Then a question suggests itself: If there be no soul that survives body (as shown in the preceding chapter), who will receive the retributions of our actions in the present life? To answer this question, we have to restate our conviction that life is one and the same; in other words, the human beings form one life or one self -- that is to say, our ancestors in the past formed man's past life. We ourselves now form man's present life, and our posterity will form the future life. Beyond all doubt, all actions of man in the past have brought their fruits on the present conditions of man, and all actions of the present man are sure to influence the conditions of the future man. To put it in another way, we now reap the fruits of what we sowed in our past life (or when we lived as our fathers), and again shall reap the fruits of what we now sow in our future life (or when we shall live as our posterity).

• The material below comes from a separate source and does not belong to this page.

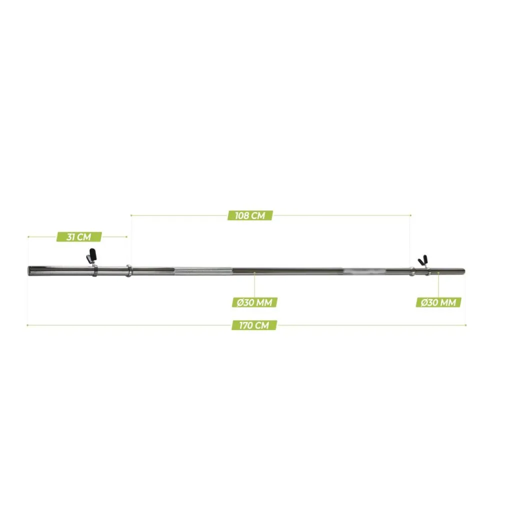 De VirtuFit halterstang is 170 cm lang en heeft een binnenmaat van 114 cm.

There is no exception to this rigorous law of retribution, and we take it as the will of Buddha to leave no action without being retributed. Thus it is Buddha himself who kindles our inward fire to save ourselves from sin and crimes. We must purge out all the stains in our hearts, obeying Buddha's command audible in the innermost self of ours. It is the great mercy of His that, however sinful, superstitious, wayward, and thoughtless, we have still a light within us which is divine in its nature. When that light shines forth, all sorts of sin are destroyed at once. What is our sin, after all? It is nothing but illusion or

error originating in ignorance and folly. How true it is, as an Indian Mahayanist declares, that 'all frost and the dewdrops of sin disappear in the sunshine of wisdom!'1 Even if we might be imprisoned in the bottomless bell, yet let once the Light of Buddha shine upon us, it would be changed into heaven. Therefore the author of Mahakarunika-sutra2 Says: "When I climb the mountain planted with swords, they would break under my tread. When I sail on the sea of blood, it will be dried up. When I arrive at Hades, they will be ruined at once."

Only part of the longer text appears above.